● **Task description**: Filter the records below, keeping only lines with the string "tapa".
*** Opening Given records ***
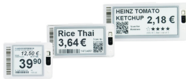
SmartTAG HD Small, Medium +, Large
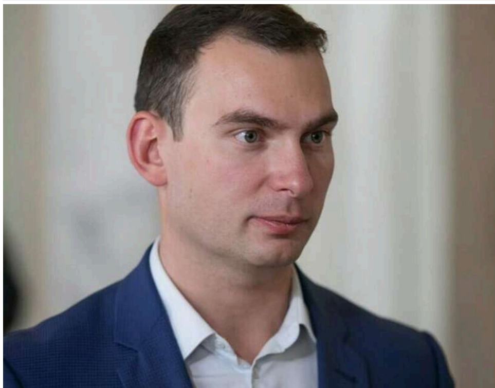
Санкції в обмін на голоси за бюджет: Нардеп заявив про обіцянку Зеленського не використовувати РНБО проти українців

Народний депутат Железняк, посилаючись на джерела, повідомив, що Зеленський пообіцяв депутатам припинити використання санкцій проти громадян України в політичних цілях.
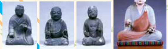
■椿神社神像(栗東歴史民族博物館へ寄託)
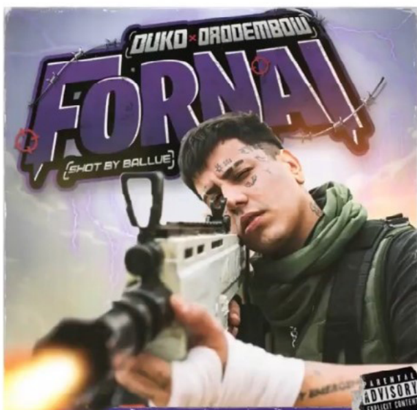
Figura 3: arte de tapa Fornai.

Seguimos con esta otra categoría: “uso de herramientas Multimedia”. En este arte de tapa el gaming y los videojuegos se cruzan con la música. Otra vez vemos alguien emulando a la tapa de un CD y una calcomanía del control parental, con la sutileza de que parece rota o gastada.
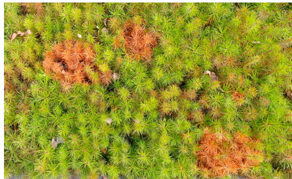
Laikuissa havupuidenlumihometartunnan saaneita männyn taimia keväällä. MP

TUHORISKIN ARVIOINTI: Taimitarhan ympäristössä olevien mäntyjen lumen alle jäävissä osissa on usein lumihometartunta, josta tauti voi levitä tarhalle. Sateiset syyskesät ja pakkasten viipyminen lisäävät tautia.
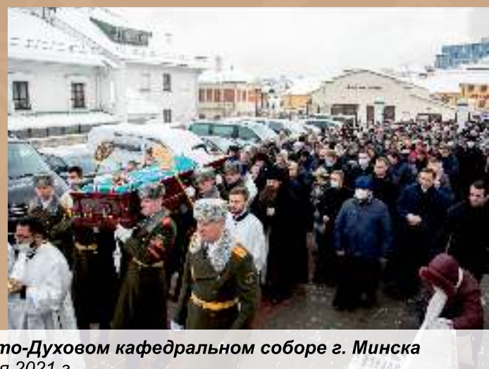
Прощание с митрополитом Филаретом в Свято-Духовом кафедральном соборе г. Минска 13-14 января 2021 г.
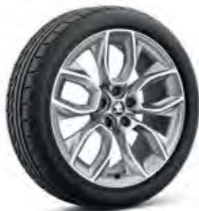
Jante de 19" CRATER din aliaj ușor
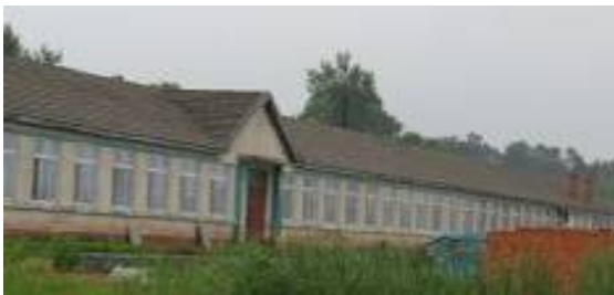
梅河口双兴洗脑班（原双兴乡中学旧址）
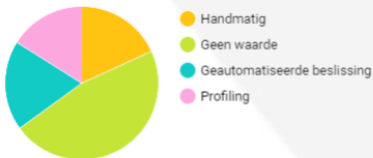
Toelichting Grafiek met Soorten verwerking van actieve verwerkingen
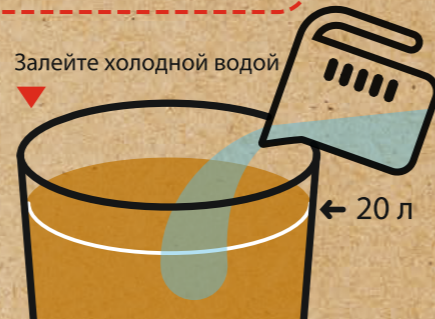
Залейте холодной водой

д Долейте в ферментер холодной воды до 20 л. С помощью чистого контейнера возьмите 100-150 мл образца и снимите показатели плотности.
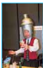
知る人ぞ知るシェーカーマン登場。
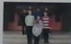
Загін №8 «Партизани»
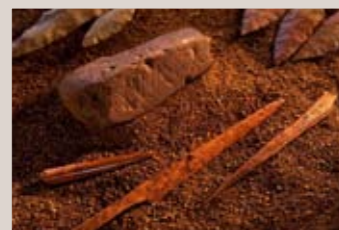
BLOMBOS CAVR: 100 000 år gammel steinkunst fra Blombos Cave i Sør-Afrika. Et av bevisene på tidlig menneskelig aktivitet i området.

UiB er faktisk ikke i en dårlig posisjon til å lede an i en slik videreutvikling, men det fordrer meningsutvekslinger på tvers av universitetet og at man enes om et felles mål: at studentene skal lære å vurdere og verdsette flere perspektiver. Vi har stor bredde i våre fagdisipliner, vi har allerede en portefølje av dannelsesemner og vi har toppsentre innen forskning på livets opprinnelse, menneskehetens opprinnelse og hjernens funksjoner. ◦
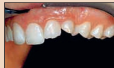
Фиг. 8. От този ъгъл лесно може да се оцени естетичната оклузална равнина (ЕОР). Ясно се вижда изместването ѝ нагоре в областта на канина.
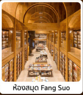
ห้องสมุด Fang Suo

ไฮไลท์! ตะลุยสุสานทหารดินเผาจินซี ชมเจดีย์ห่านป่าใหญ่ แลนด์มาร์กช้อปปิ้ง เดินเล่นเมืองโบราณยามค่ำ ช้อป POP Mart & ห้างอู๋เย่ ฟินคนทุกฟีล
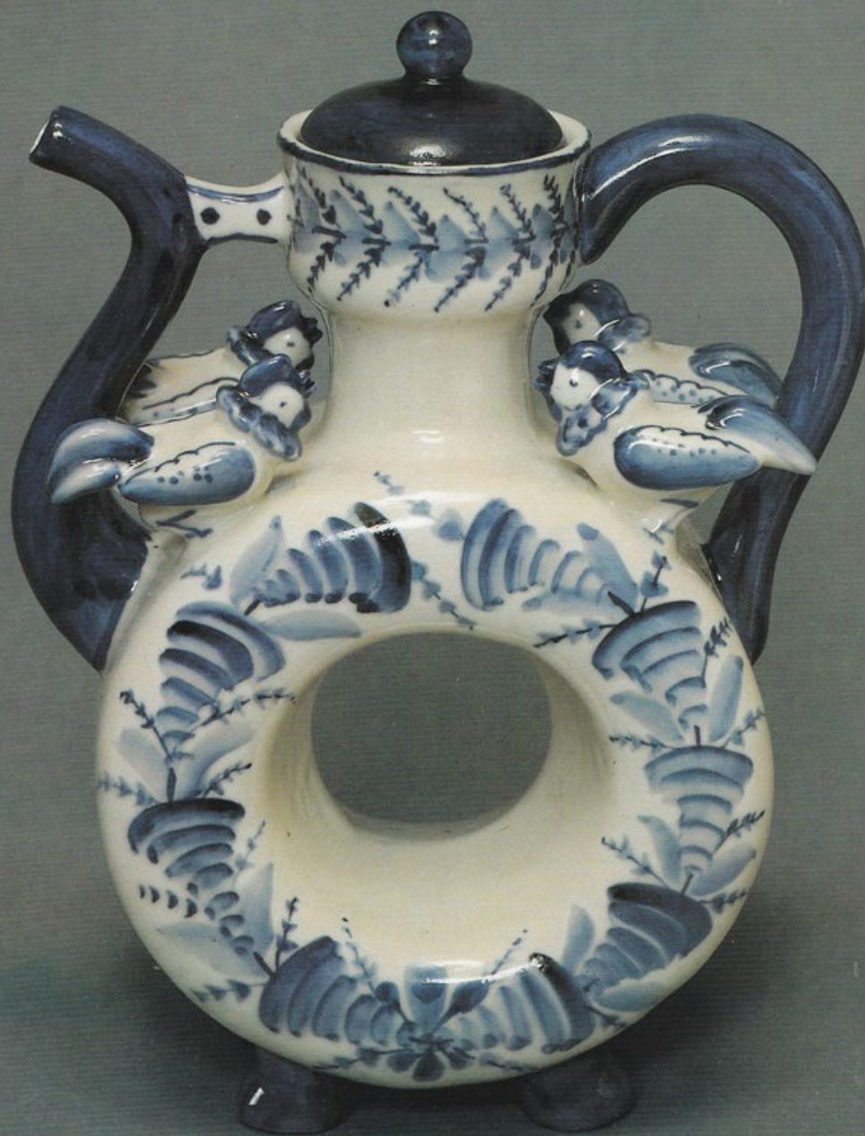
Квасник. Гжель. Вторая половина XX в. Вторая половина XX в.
*** Closing Given records ***
*** Opening Given records ***
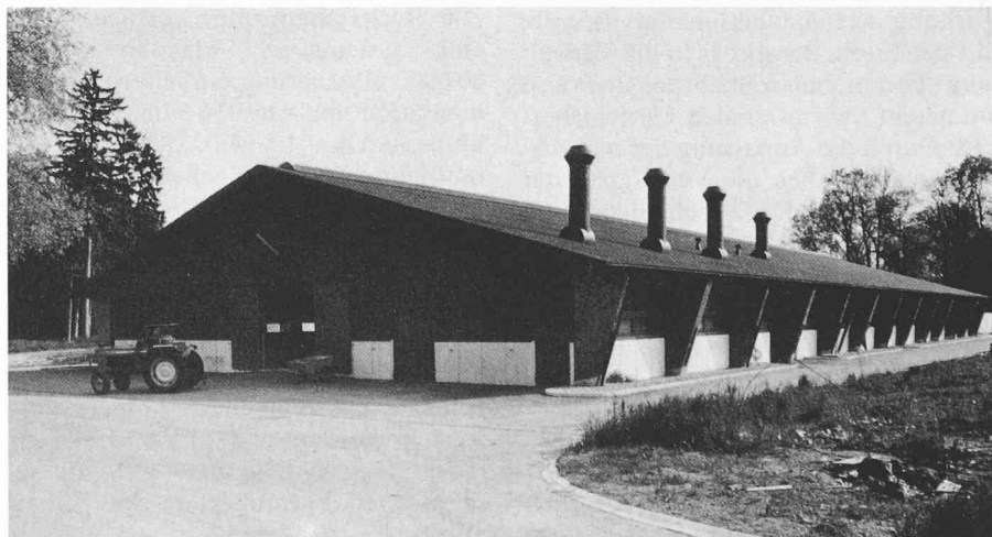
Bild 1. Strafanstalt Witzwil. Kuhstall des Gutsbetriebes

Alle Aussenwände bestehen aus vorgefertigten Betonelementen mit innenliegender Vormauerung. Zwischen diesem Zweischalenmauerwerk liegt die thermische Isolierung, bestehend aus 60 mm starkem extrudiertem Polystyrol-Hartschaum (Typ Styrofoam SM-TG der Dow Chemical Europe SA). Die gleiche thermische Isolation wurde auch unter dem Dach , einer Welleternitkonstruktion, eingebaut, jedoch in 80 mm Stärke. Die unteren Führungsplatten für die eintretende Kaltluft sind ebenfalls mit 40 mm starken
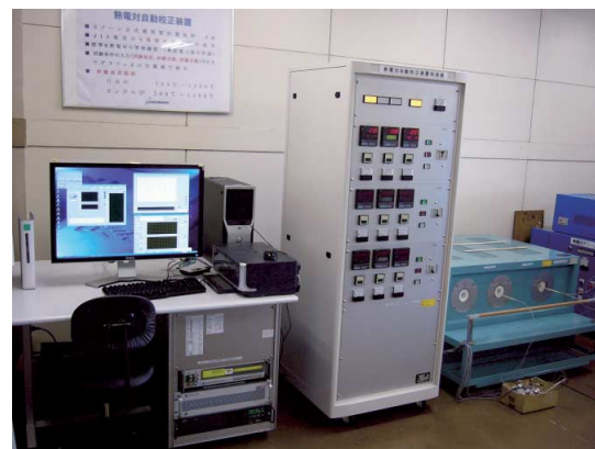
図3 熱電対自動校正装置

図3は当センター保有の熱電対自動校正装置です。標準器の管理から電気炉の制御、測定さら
*** Closing Given records ***
● **Task result**:
Figura 3: arte de tapa Fornai.
Seguimos con esta otra categoría: “uso de herramientas Multimedia”. En este arte de tapa el gaming y los videojuegos se cruzan con la música. Otra vez vemos alguien emulando a la tapa de un CD y una calcomanía del control parental, con la sutileza de que parece rota o gastada.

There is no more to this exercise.